------ COLLECTED MATERIAL ------

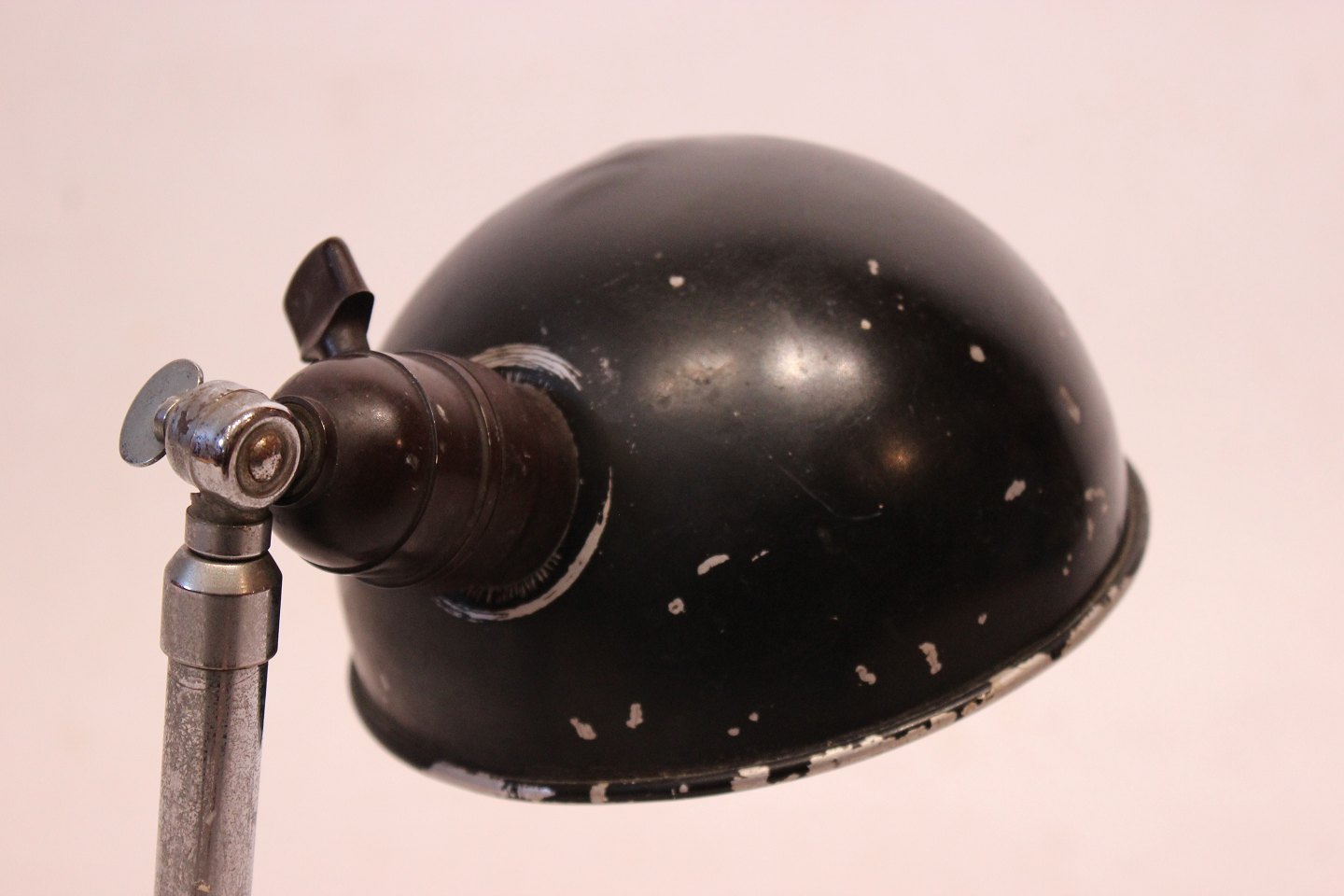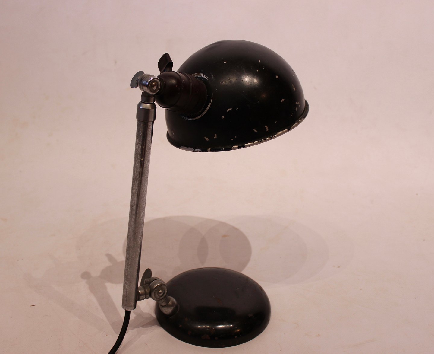 SolgtKontor- og/eller arbejdslampe af sort malet metal, justerbar og fra 1940erne. Lampen er i fin brugt stand.
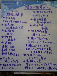 時間が余ったので『お絵描き』していました((笑 英語の時間に描いたやつは気分で図書委員っぽくなっちゃっいました。 社会の時間に描いたやつは気分でパッツンにしました。 国語の時間に描いたやつは気分でゴスロリにしました。。。ってかなっちゃいました。 理科の時間に描いたやつは気分で制服にしました。 数学は……時間が余りませんでした((爆 ってか一体私は何をしに北辰テストにいったのでしょうかねぇ………((汗 あっはははははー まぁドンマーイ((ォィ っていうよりも。。。いきなり今日祖母が家に来て夕食を一緒に食べる……そうなんです。。。 前にもあったなーーこーーゆーーパターーン。 何でいつも急来るんでしょうか…?抜き打ち家庭訪問的な??? ……急いで掃除をする人の身にもなって頂きたい。 それでゎ。 |
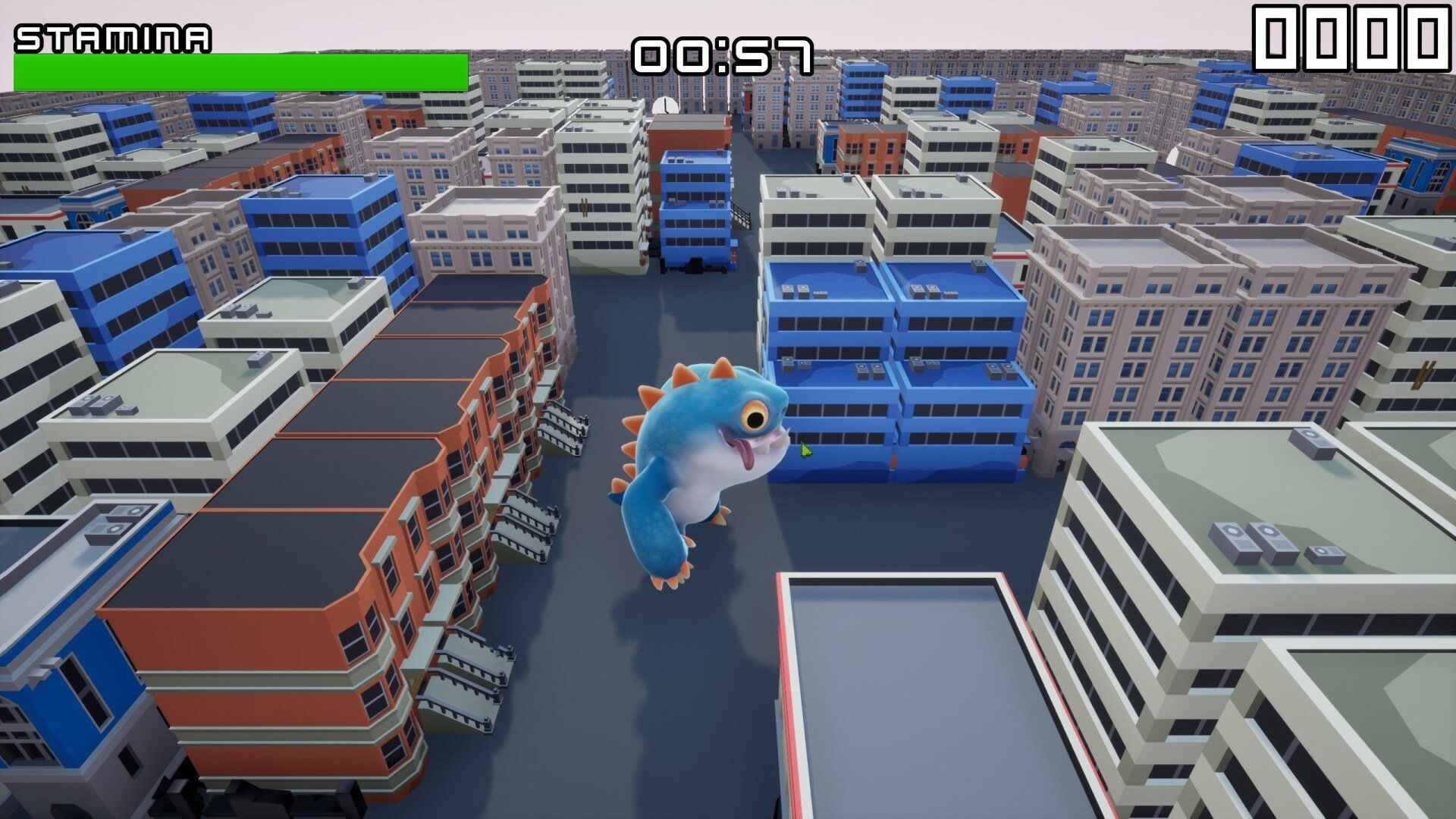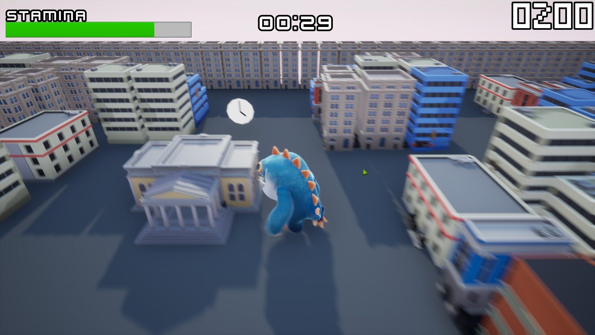 Created for Mini Jam 81, Chomps big day out is a 3rd person arcade game where the player takes control of a kaiju attacking a city. Players must damage and destroy buildings using Chomps 3 attacks, Bite, swipe and charge. Each attack uses stamina and the player must manage this stamina carefully as to avoid chomp getting tired. When the timer runs out, its not game-over yet! chomp takes his last stand and unleashes all of his power. Allowing the player to attack with no stamina drain for a short amount of time in a bonus round, bonus time can be increased by finding pickups around the city.

------

ACTIVITY -> Drop the pictures and copy the data exactly.

ANSWER TO THE EXERCISE ->
 SolgtKontor- og/eller arbejdslampe af sort malet metal, justerbar og fra 1940erne. Lampen er i fin brugt stand.
 時間が余ったので『お絵描き』していました((笑 英語の時間に描いたやつは気分で図書委員っぽくなっちゃっいました。 社会の時間に描いたやつは気分でパッツンにしました。 国語の時間に描いたやつは気分でゴスロリにしました。。。ってかなっちゃいました。 理科の時間に描いたやつは気分で制服にしました。 数学は……時間が余りませんでした((爆 ってか一体私は何をしに北辰テストにいったのでしょうかねぇ………((汗 あっはははははー まぁドンマーイ((ォィ っていうよりも。。。いきなり今日祖母が家に来て夕食を一緒に食べる……そうなんです。。。 前にもあったなーーこーーゆーーパターーン。 何でいつも急来るんでしょうか…?抜き打ち家庭訪問的な??? ……急いで掃除をする人の身にもなって頂きたい。 それでゎ。 |
 Created for Mini Jam 81, Chomps big day out is a 3rd person arcade game where the player takes control of a kaiju attacking a city. Players must damage and destroy buildings using Chomps 3 attacks, Bite, swipe and charge. Each attack uses stamina and the player must manage this stamina carefully as to avoid chomp getting tired. When the timer runs out, its not game-over yet! chomp takes his last stand and unleashes all of his power. Allowing the player to attack with no stamina drain for a short amount of time in a bonus round, bonus time can be increased by finding pickups around the city.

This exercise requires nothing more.